First, credit where credit is due: After nearly a year of protests, I absolutely believe that OBU President David Whitlock is in a position to do right by OBU.  The faculty and retirees' efforts, in particular, have let let him know the seriousness of dismissing two professors without providing Faculty Handbook rights to them.  He is now much more aware of the widespread displeasure with the orientation of OBU as a consequences of the several bad policies his administration has adopted.

More good news:  At least one academic department reports being able to move forward with two new hires, both their first choice.  Dr. Norman is not getting to play the Doctrinal Enforcer role he obviously envisioned for himself.  As long as he is constrained by appropriate pressure, he will not be able to do further harm.  Whether he will ever be able to repair broken trust and lost confidence is unknown.  But to the extent he is willing to try, we have to honor that effort.

So if we are ending a crisis-filled year on a tentatively hopeful note, why do we still need Save OBU?

Let's not forget the ugly facts of the matter: Two professors were unethically dismissed.  Several core curriculum areas have suffered.  Faculty search committee recommendations have been ignored and overruled.  Legitimate doubt exists about whether Whitlock and Norman want to be loyal to the BGCO's wishes or to the interests of students and faculty.  That doubt will exist as long as BGCO control does, but given the breach of trust, we need to be vigilant.

Faculty can only do so much.  Yes there was widespread anger, fear, and sadness in the wake of two ideologically-motivated firings.  But the faculty really can't continue to beat the administration over the head with this.  Mistakes were made.  OBU's reputation is suffering.  But the faculty have to move on, though they do not have to forget what has happened.  They have to move forward, engage other issues, and allow trust to be rebuilt if the administration repents and makes a genuine effort to uphold academic freedom and the Christian liberal arts tradition that made OBU great.

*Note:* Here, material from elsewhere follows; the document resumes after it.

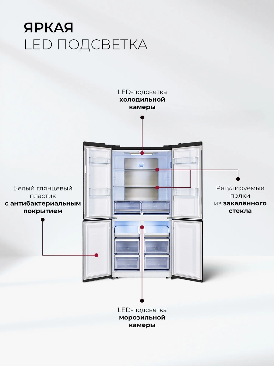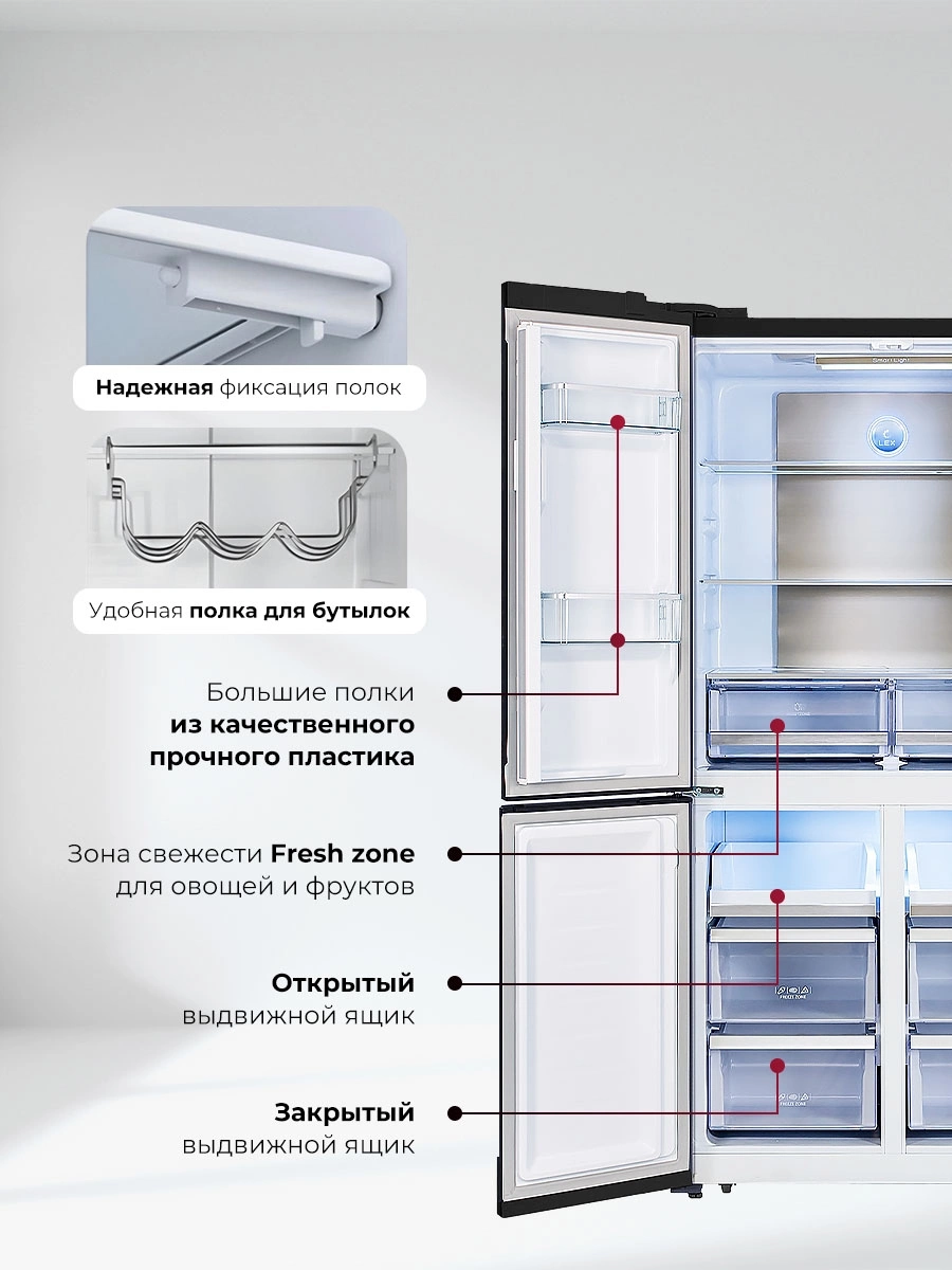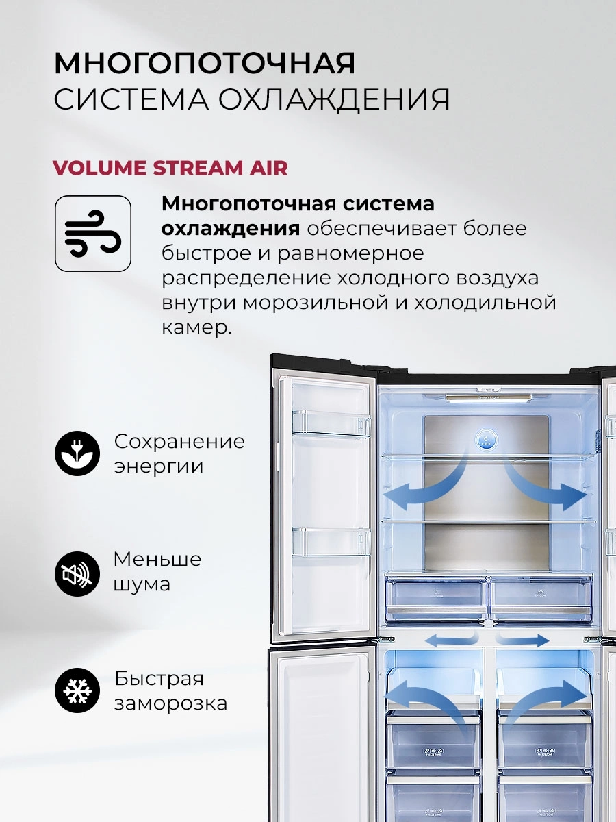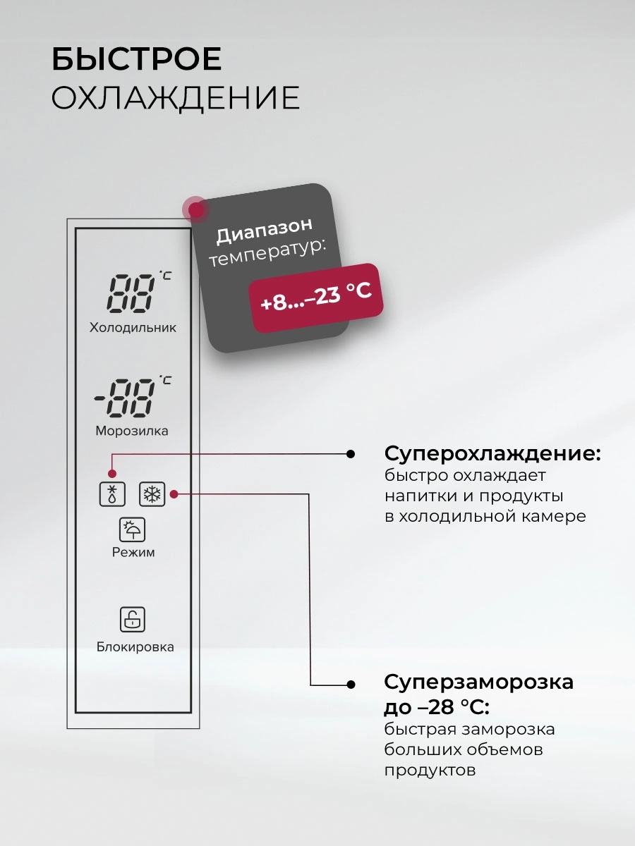 защита от детей, режим отпуск, система многопоточного охлаждения, суперзаморозка, суперохлаждение

We may not be heading down the path of mass firings and a wholesale abandonment of everything we hold dear.  But we have to be prepared for things to get ugly.  While we stand in solidarity with the Save Our Shorter coalition, we are well aware of the dangers inherent in waiting until after another major defilement of academic freedom or our cherished Baptist principles before we get organized and stand up for what we believe is right.

Unfortunately, the past two years have made it abundantly clear that OBU needs a watchdog that brings together the interests and perspectives of students (current and prospective), parents, alumni, faculty, and Oklahoma Baptists.  Just because OBU's takeover is in its infancy while at other Baptist schools it is complete does not mean that we could never go down that road.  We welcome any progress, but we remain absolutely convinced that ending BGCO control is the only necessary and sufficient condition for eliminating threats to academic freedom, integrity, and respectability on Bison Hill.